Exactly as written, return all the data, leaving its pictures behind.

━━ Information provided ━━

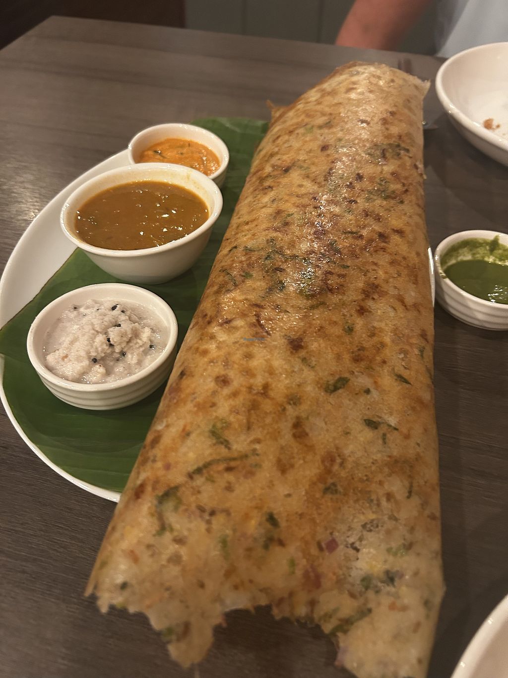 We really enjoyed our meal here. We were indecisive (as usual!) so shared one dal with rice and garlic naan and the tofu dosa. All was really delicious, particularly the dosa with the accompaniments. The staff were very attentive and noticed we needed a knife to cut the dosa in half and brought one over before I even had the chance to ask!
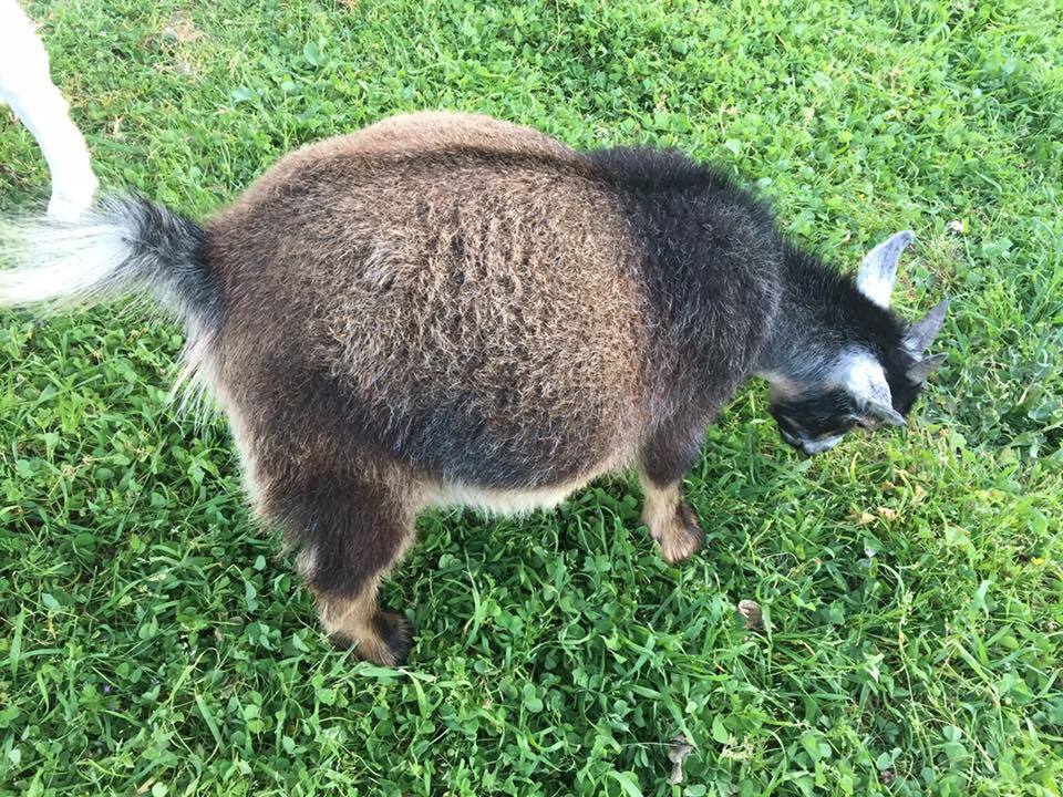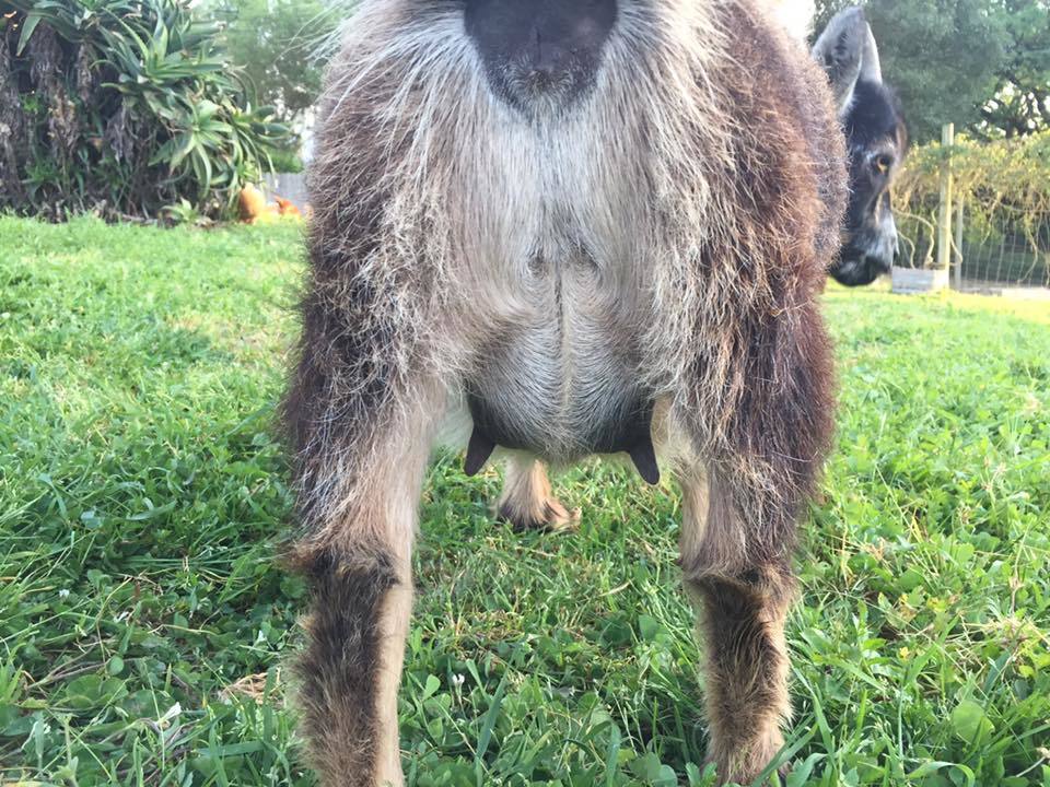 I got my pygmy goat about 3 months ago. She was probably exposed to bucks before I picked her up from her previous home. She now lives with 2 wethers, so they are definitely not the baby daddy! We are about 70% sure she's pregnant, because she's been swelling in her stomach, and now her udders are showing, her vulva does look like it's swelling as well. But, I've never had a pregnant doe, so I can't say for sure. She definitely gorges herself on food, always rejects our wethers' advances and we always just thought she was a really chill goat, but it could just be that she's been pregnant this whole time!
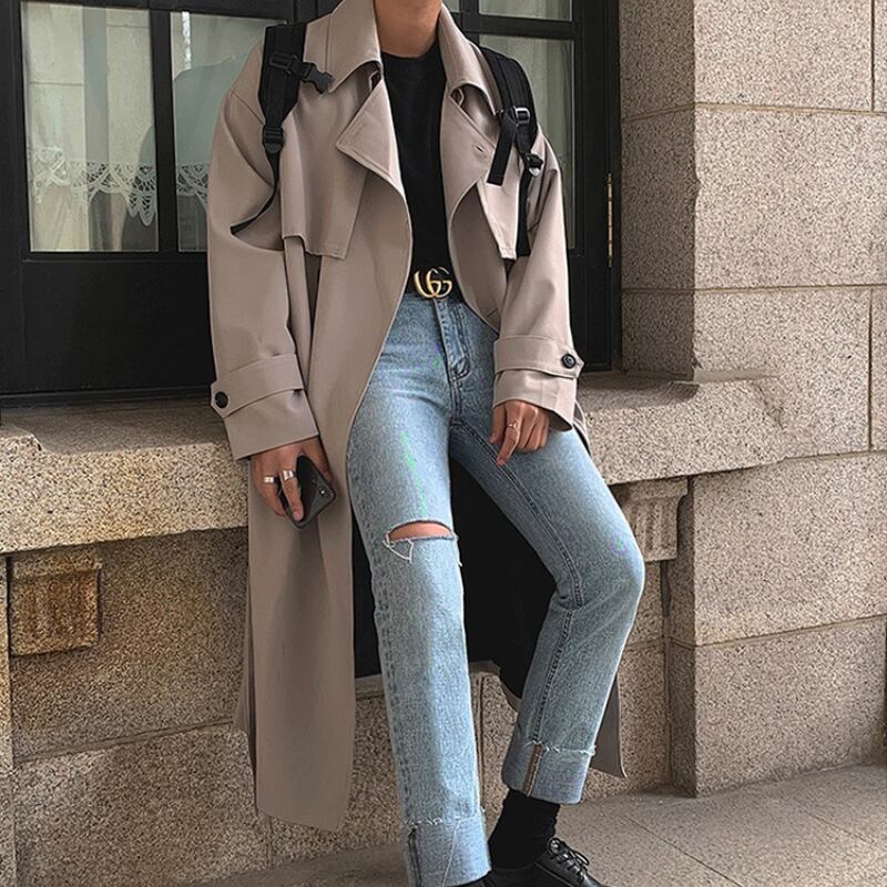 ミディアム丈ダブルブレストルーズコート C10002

━━━

◆ **Answer section**
 We really enjoyed our meal here. We were indecisive (as usual!) so shared one dal with rice and garlic naan and the tofu dosa. All was really delicious, particularly the dosa with the accompaniments. The staff were very attentive and noticed we needed a knife to cut the dosa in half and brought one over before I even had the chance to ask!
 I got my pygmy goat about 3 months ago. She was probably exposed to bucks before I picked her up from her previous home. She now lives with 2 wethers, so they are definitely not the baby daddy! We are about 70% sure she's pregnant, because she's been swelling in her stomach, and now her udders are showing, her vulva does look like it's swelling as well. But, I've never had a pregnant doe, so I can't say for sure. She definitely gorges herself on food, always rejects our wethers' advances and we always just thought she was a really chill goat, but it could just be that she's been pregnant this whole time!
 ミディアム丈ダブルブレストルーズコート C10002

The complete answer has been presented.